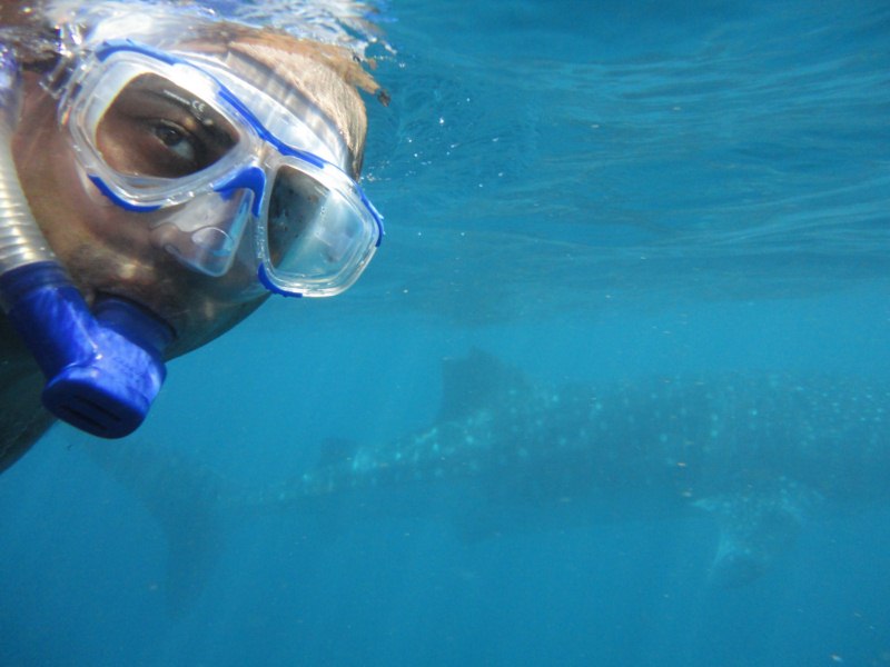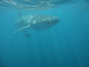 Nas ferias de abril 2011, fui para Austrália e como era temporada de tubarão baleia quis nadar com eles.
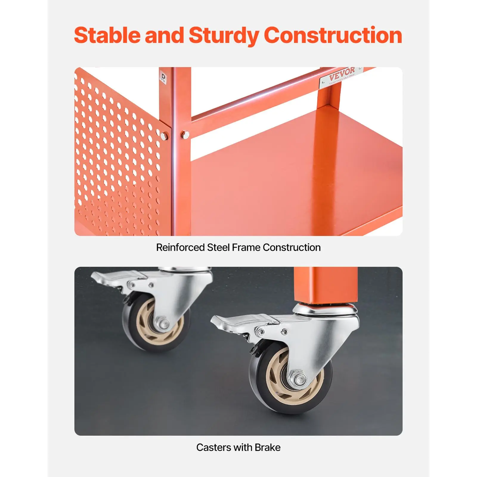 • Easy to Move: This welding work bench is equipped with 4 sturdy wheels for effortless mobility, including 2 with reliable brakes for added safety and stability. Whether you're working in the garage, workshop, or on-site, it ensures smooth maneuverability and secure positioning.
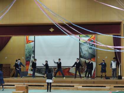 くす玉の準備も完了し,明日のリハーサルが行われました。吹奏楽部や生徒会本部役員が念入りに練習を行っていました。明日の送る会が全校生徒が全員で盛り上がるようにしましょう!

**EXERCISE PROMPT:**
What is needed is an exact copy of the lines from the start of the listing above through the line that holds "and secure positioning.", with the pictures left out.

**SOLVED PROBLEM:**
 Nas ferias de abril 2011, fui para Austrália e como era temporada de tubarão baleia quis nadar com eles.
 • Easy to Move: This welding work bench is equipped with 4 sturdy wheels for effortless mobility, including 2 with reliable brakes for added safety and stability. Whether you're working in the garage, workshop, or on-site, it ensures smooth maneuverability and secure positioning.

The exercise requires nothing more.